2.4 Land and Properties

  • Revenue land and the Goth Abad scheme process is used through bribes and coercion to manipulate land records to an extent where on paper the location of Goths is changed making the actual Goths legally landless. The new settlements created through this process are ethnic in nature and are protected by the ethnic parties and are a part of the turf booty.
  • In certain cases, people who claim to belong to political groups have told the local estate agents that if any property is up for sale, they should have the first right of purchase. Estate agents who have not followed this course have been warned and a few of them killed.
  • Buildings under construction used to pay bribes to the KBCA during construction to get approval for various stages of development. Now they pay the bhatta mafia as well and in an increasing number of cases only the bhatta mafia who “permits” them to violate rules and regulations.
  • In the old town and in all areas where there is a possibility of profits, there is considerable pressure and coercion for house owners to sell their properties to developers. In addition, there has been large scale encroachment on formally and informally developed properties including houses and apartments. Money is asked for vacating them. Settlements of these disputes have been taken to political parties who have charged a fee for settling them. Even a property belonging to the High Court near Khuda-ki-Basti has been encroached upon with help of political parties.
  • Drug and car business money is being invested in this real estate business since it brings the largest profit in the shortest period of time and also increases the political powers of the groups involved in this business. In both businesses fraudulent documentation is used and people are regularly cheated in the process.

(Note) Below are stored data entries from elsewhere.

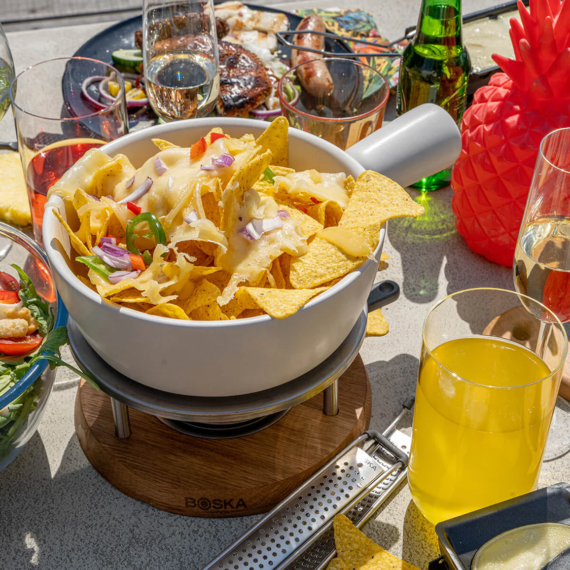 A stílusos megjelenésű és praktikus kialakítású Bianco fondükészlettel bármikor meglepheted a kedvesedet, barátaidat egy mennyei fogással. A fondü ideális választás a legtöbb hétköznapi helyzetben, legyen az összebújós filmnézés vagy vidám társasozás, hiszen bár egyszerű elkészíteni, mégis mindenki megnyalja utána mind a tíz ujját. A Bianco szett mindent tartalmaz – a sajton kívül, természetesen –, amire szükség van: egy kerámiamasszív tálat a hozzá tartozó melegentartó aljjal, továbbá négy fondüvillát. Szerezd be otthonra, vagy válaszd ajándéknak egy különleges alkalomra!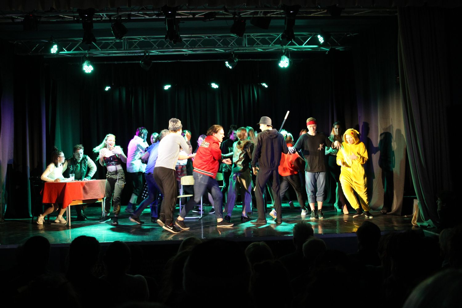 На сцене Учебного театра института (база АУК «Московского художественного театра комедии») прошел традиционный ежегодный студенческий фестиваль в двух отделениях. Темой первого отделения стало выступление первокурсников -«Знакомьтесь, 1-й курс»!.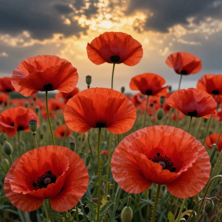 Photograph of vivid red poppies in full bloom against a dramatic sunset sky with dark clouds, capturing the flowers' delicate petals and vibrant colors.

3.  Where do we go from here

What is given above are the views expressed by the individuals whose lives have been disrupted by violence. Perhaps there are inaccuracies and misconceptions in them but this does not matter. Public sector and social reform cannot take place unless the causes and repercussions of violence and conflict are understood from the point of view of people who face and react to them. This reform can only be done through the holding of at least 5 to 6 hundred public hearings of various interest groups and on that basis developing broad recommendations which can be fine tuned to create a new governance structure and societal values and to lay the foundations of institutions for providing the people of Karachi (keeping in view that it is also the capital of Sindh) with security, livelihoods, appropriate education, transport and recreation. Since the old institutions have collapsed, it is important to initiate this process. The broad parameters for it, can be discussed.

It is now increasingly acknowledged, both in India and Pakistan, that a major cause for the Partition of India in 1947 was the lack of generosity on the part of the Indian National Congress and a lack of trust on the part of the Muslim League. The same lack of generosity and trust was, to a great extent, responsible for the separation of East Pakistan from Pakistan, the Sri Lankan conflict and the Beirut civil war. It is also behind the failure of the Israelis and Palestinians to come to a settlement on the basis of justice and equity. On the other hand, Mandela was able to prevent a civil war in South Africa because of his immense generosity which led to the creation for trust between two communities that had between them a history of cruelty, hatred, intolerance and violence. The political protagonists in the Karachi conflict must take a lesson from Mandela and rise above their petty turf and election related interests so that a sustainable peace for the city can be achieved. Such a peace cannot be manufactured through administrative tinkering or army action.